Receia as opiniões das outras pessoas?
Não propriamente. Sabe que desde 2002 que venho recebendo inúmeros e-mails, cartas e mensagens através do Facebook, de pessoas a darem-me apoio, sendo solidárias, perguntando-me como era capaz de suportar aquele pesadelo. Acho que foram todas estas pessoas que me ajudaram a ganhar coragem para falar sobre as situações que mais me chocaram ao longo dos últimos anos, desde os amigos que nos desiludiram, aos jornalistas que nos prejudicaram deliberadamente, às situações traumatizantes por que fui obrigada a passar, bem como tudo aquilo que a minha filha Mariana foi forçada a viver a partir do momento em que entrou para a escola. As crianças podem ser muito cruéis… A verdade é que este é um relato muito sincero, sentido e claro da minha história, com um especial enfoque no contraste entre a vida de “sonho” que levava antes do processo Casa Pia, e o pesadelo em que mergulhei a partir de 2002. Não quis deixar de lado a forma que encontrei, no meio do caos, para dar a volta por cima, dando-me a oportunidade de me sentir viva e feliz de novo. Hoje em dia, sinto-me confiante com o futuro e isso dá-me imensa tranquilidade.

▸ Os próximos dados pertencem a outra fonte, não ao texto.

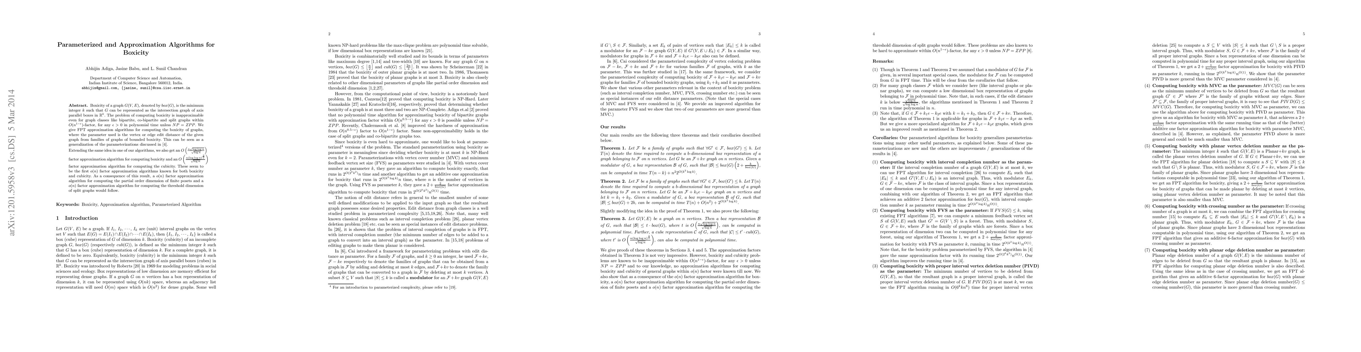 The paper presents parameterized and approximation algorithms for computing the boxicity of graphs, leveraging vertex or edge edit distance as a parameter. It introduces FPT algorithms for graphs with bounded boxicity and provides approximation algorithms for boxicity and cubicity with sublinear factors.
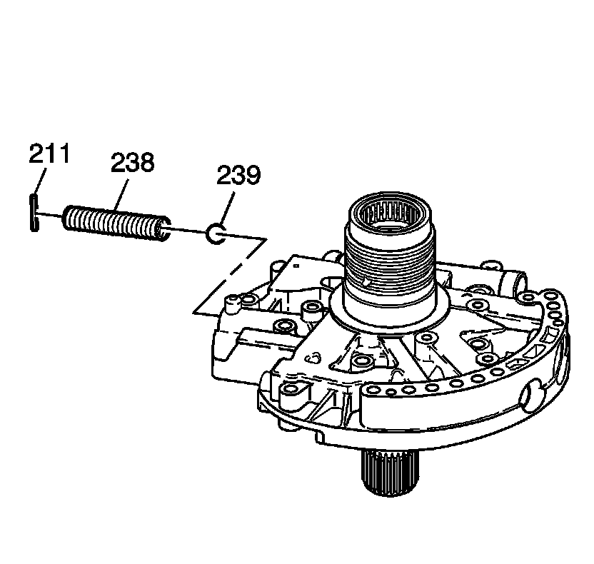 11. Remove the pressure relief spring (238) and the pressure relief ball (239).
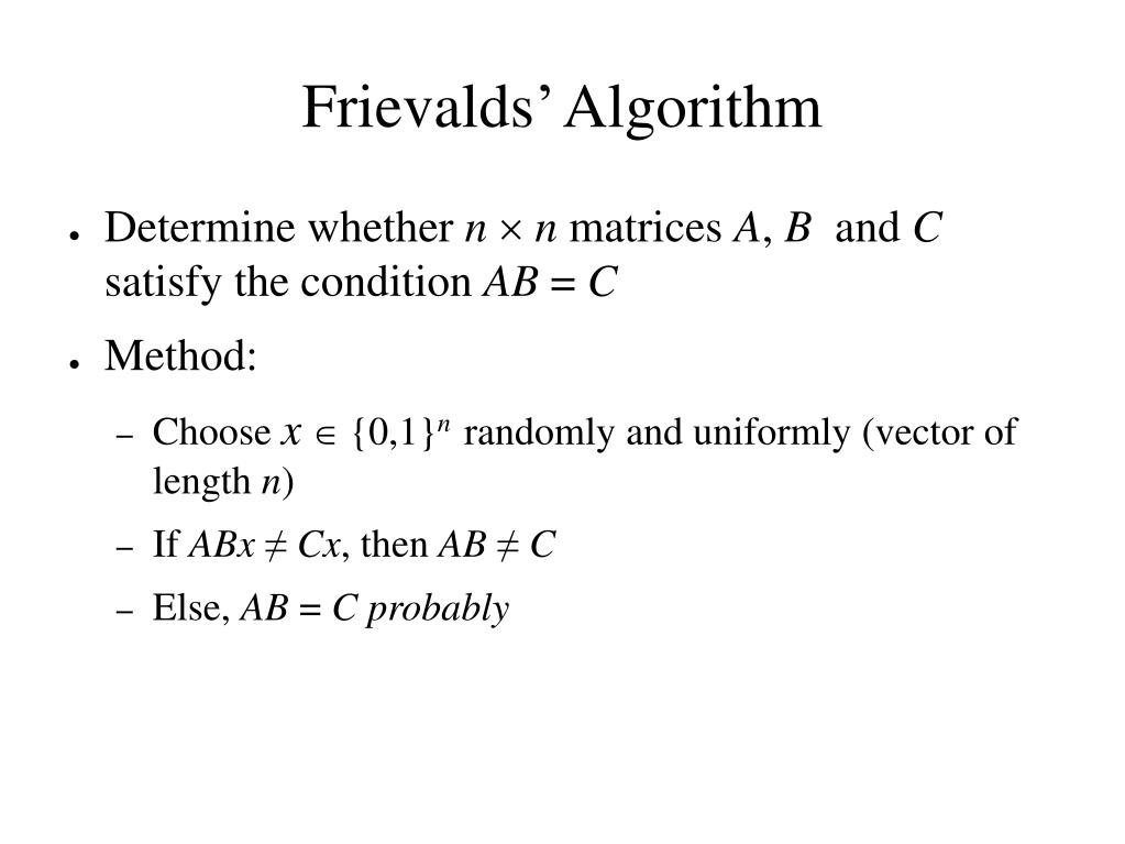 Frievalds’ Algorithm Determine whether nn matrices A, B and C satisfy the condition AB = C Method: Choose x{0,1}nrandomly and uniformly (vector of length n) If ABx≠Cx, then AB≠ C Else, AB = Cprobably
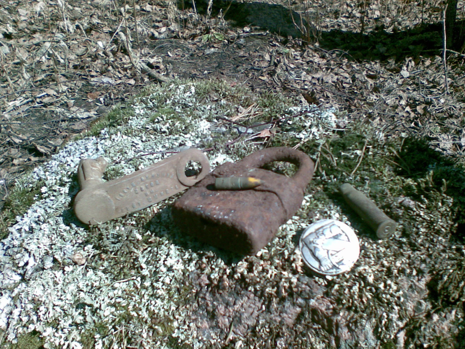 Вот все что было, не считая г... всякого. Одна пуля, одна гильза. А знак нашел под деревцом, глубина см 25-30. Сигнал 46 (т-74) ну и собственно все. Шел к фундаменту и вот на выходе из леса поймал, подолбить пришлось , но не зря. Благо еще лопатой не садонул по знаку. Клему аккумул. нашел, прикольная, "Госуд. аккумул. завод им лейт. шмитдта на ней выбито. "
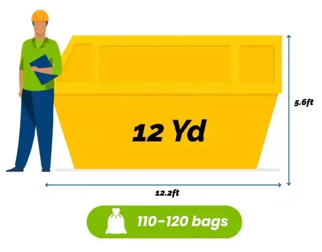 Volume: 12 Cubic yard (9.17 Cubic Metres) approximately 110-120 black bags
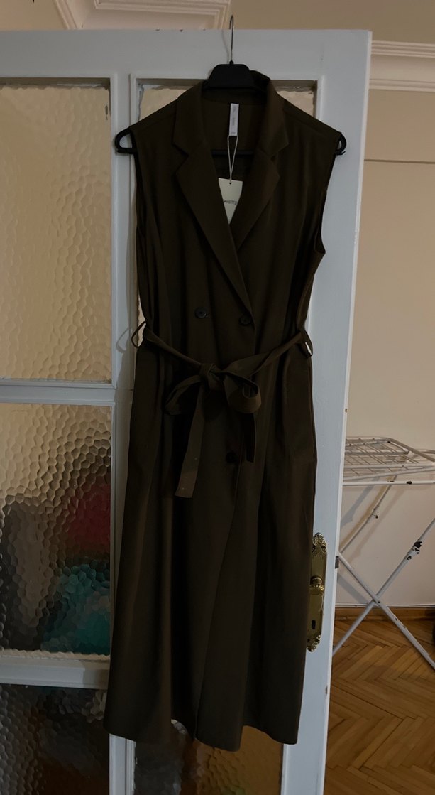 Kadın haki uzun kolsuz elbise , kemerli ve kolsuz tasarıma sahiptir. Notched lapel yakalı, viskon kumaştan üretilmiş, iş ortamına uygundur.
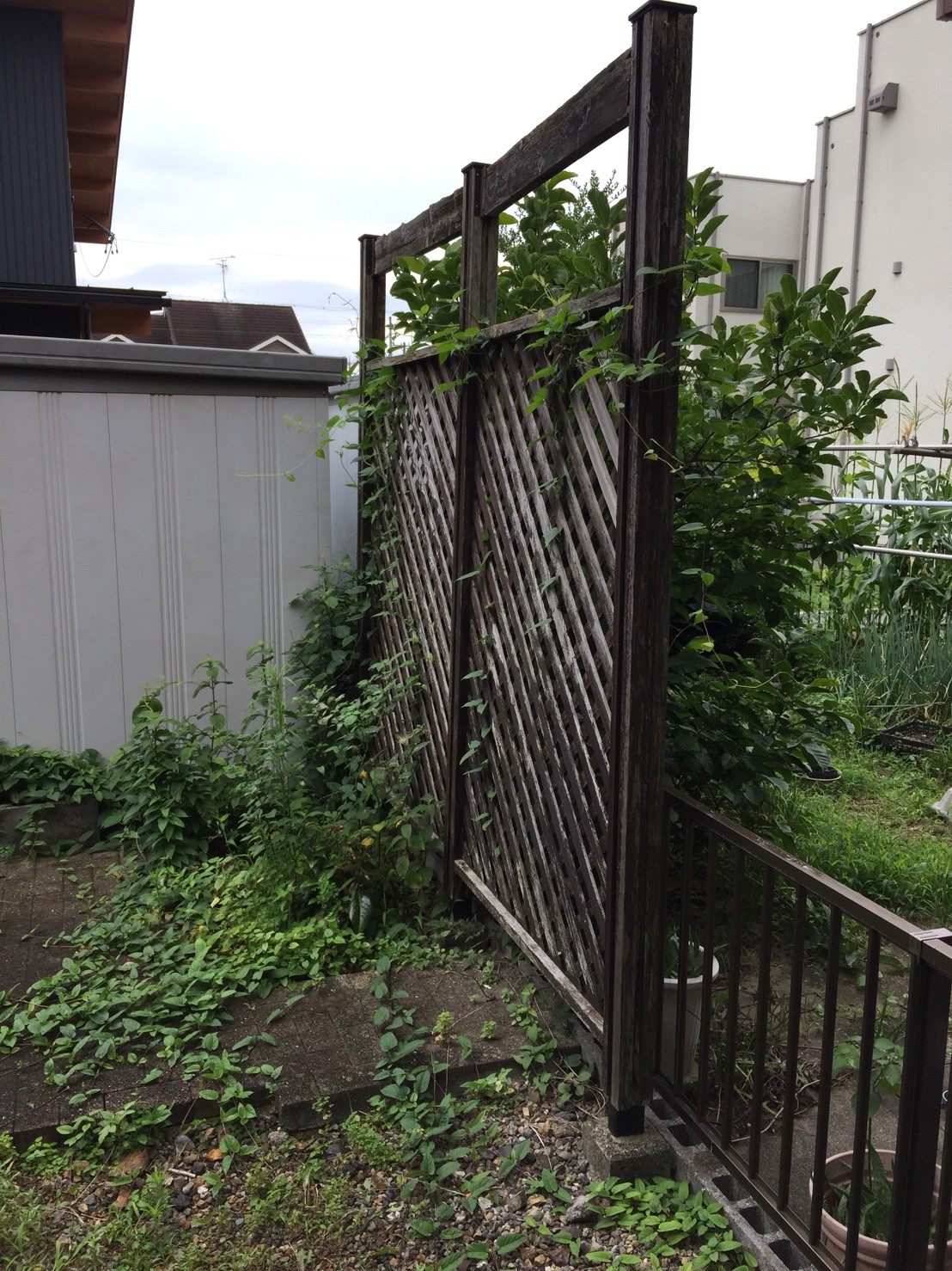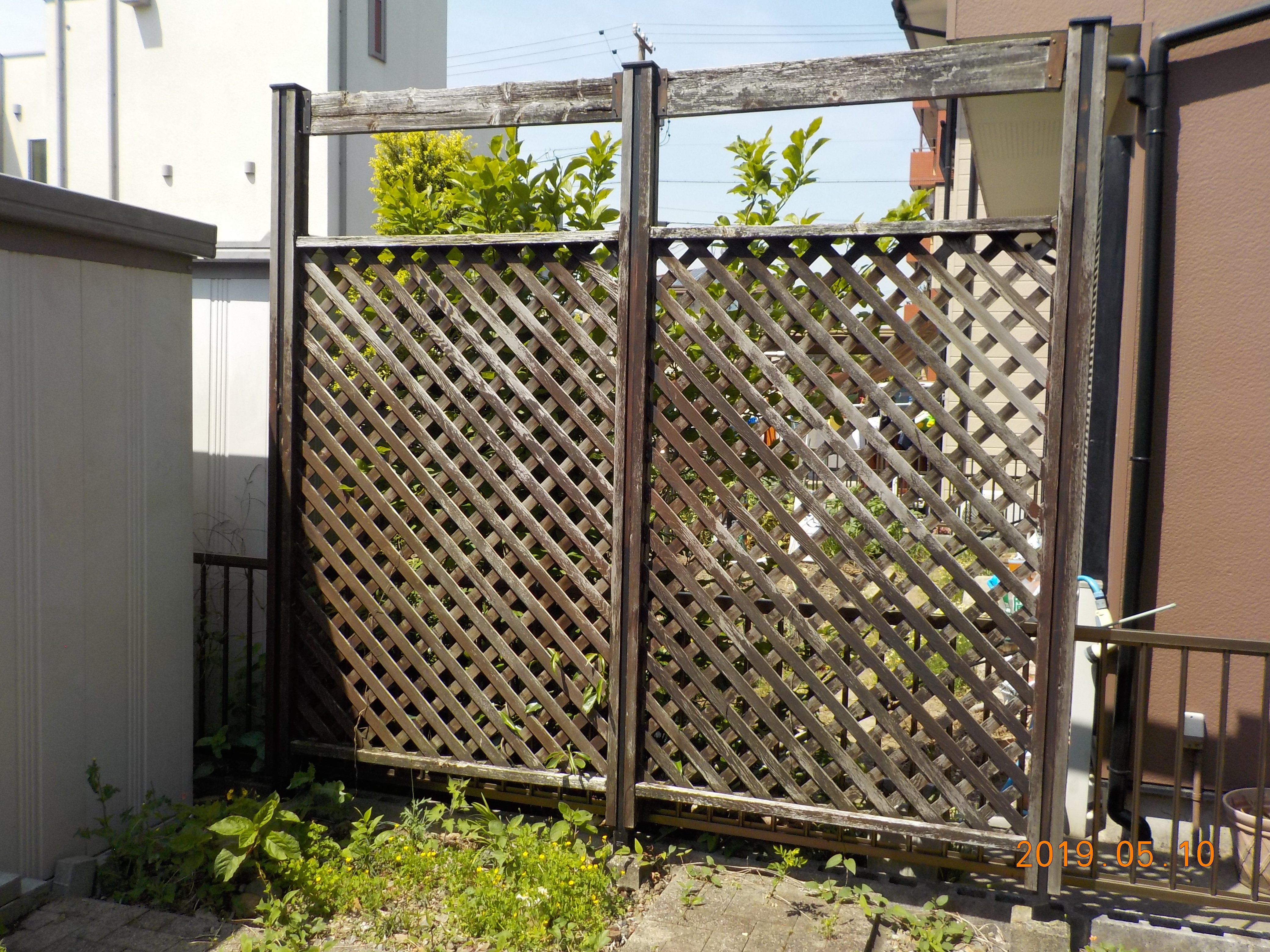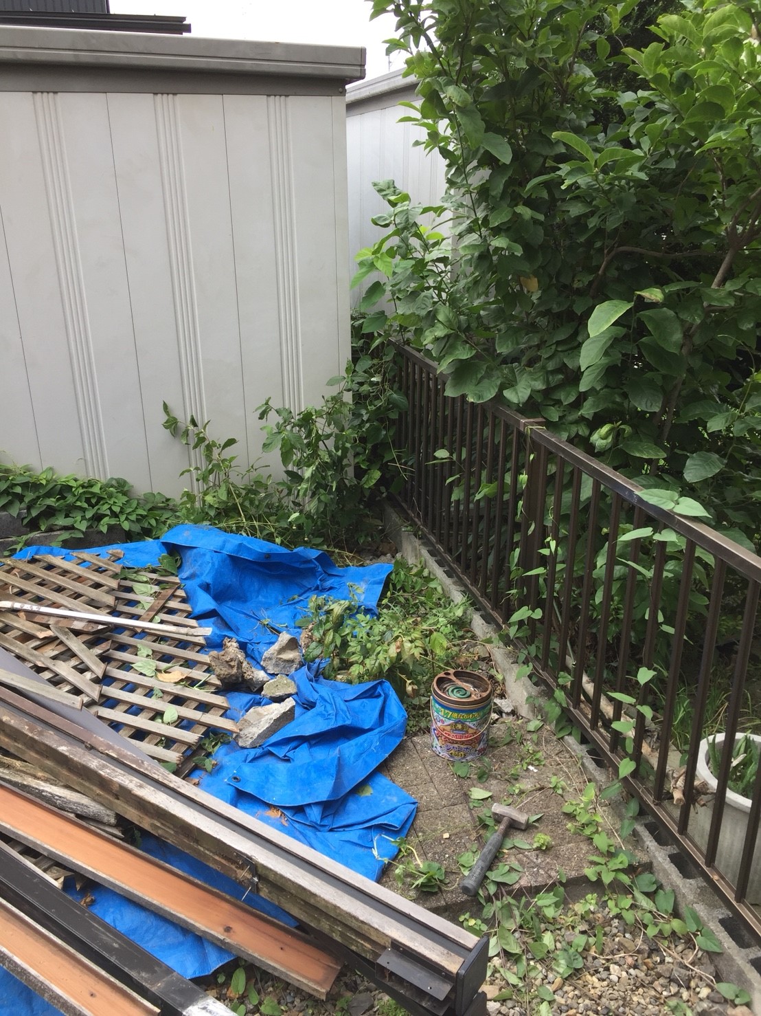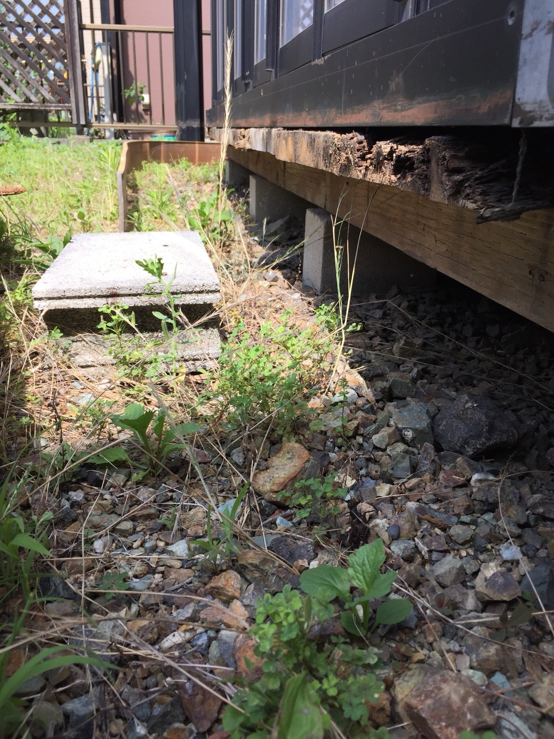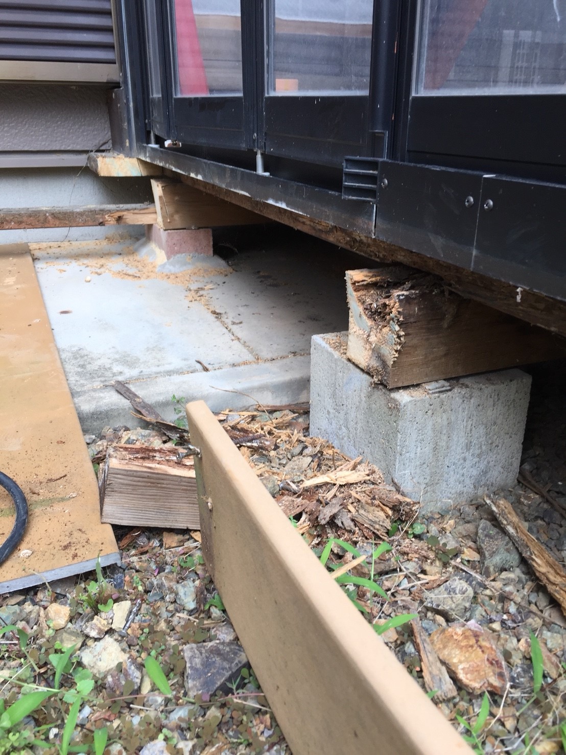 サンルーム部分補修・その他工事:大工;大引き・垂木材受け補強、間隠し撤去:目隠し撤去・処分、ブロック基礎;サンルーム廻りシロアリ防除工事:被害は見当たらないとのこと

O livro trará informações novas para o processo ou baseia-se somente na sua dor e vivência?
Não. O livro não trará informações novas importantes para o processo.Essa é uma área que a mim não me diz respeito. O livro foca-se essencialmente na minha vivência e na da Mariana, a minha filha, depois de involuntariamente termos sido arrastadas para o epicentro de um processo que mexeu com a sensibilidade de toda a gente neste país e que gerou muitas dúvidas e desconfiança à nossa volta, inclusive pelo facto de ter continuado ao lado do Carlos durante oito anos depois de ter rebentado o escândalo. As pessoas ainda hoje não percebem a razão que me levou a continuar com ele durante tanto tempo.
Terá este livro sido também uma forma de exorcizar a sua dor e encerrar um capítulo?
Exatamente. Fi-lo com essa intenção, mas também para responder a todas aquelas pessoas que diziam ver-me como uma referência de força, de luta e coragem. Ao longo do tempo, foram muitas as mulheres e os homens que se aproximaram de mim desabafando sobre os momentos difíceis que viviam, fossem derivados de doenças, injustiças, problemas económicos ou ainda problemas conjugais, procurando apoio e uma resposta à pergunta: “Como é que aguenta?” Por elas senti que seria importante dar o meu testemunho e demonstrar-lhes que todos temos problemas, uns mais graves que outros, mas que o que realmente importa é a forma como lidamos com eles e deixamos que sobressaiam em relação às coisas boas que a vida nos dá, os amigos, a família, os pequenos prazeres…
Tem receio que, daqui a uns anos, a Mariana leia este livro e não entenda a necessidade que sentiu de o escrever?
A Mariana tem orgulho na mãe que tem. Pela forma como nos abordam na rua, o que acontece desde 2002, cedo percebeu que as pessoas têm curiosidade em conhecer-nos por causa daquilo por que passámos. Por isso sabe que é importante transmitirmos as nossas experiências se elas puderem ajudar alguém. Eu acredito que este livro pode dar força a muitas pessoas que, tal como eu, foram apanhadas pelo destino de uma forma terrível. Pessoas que continuam a pensar não haver uma saída possível para os problemas. Ela existe, só temos de acreditar nisso. Se através do meu testemunho puder fazer bem a alguém, então, de algum modo, tudo aquilo por que passei, acabou por valer a pena.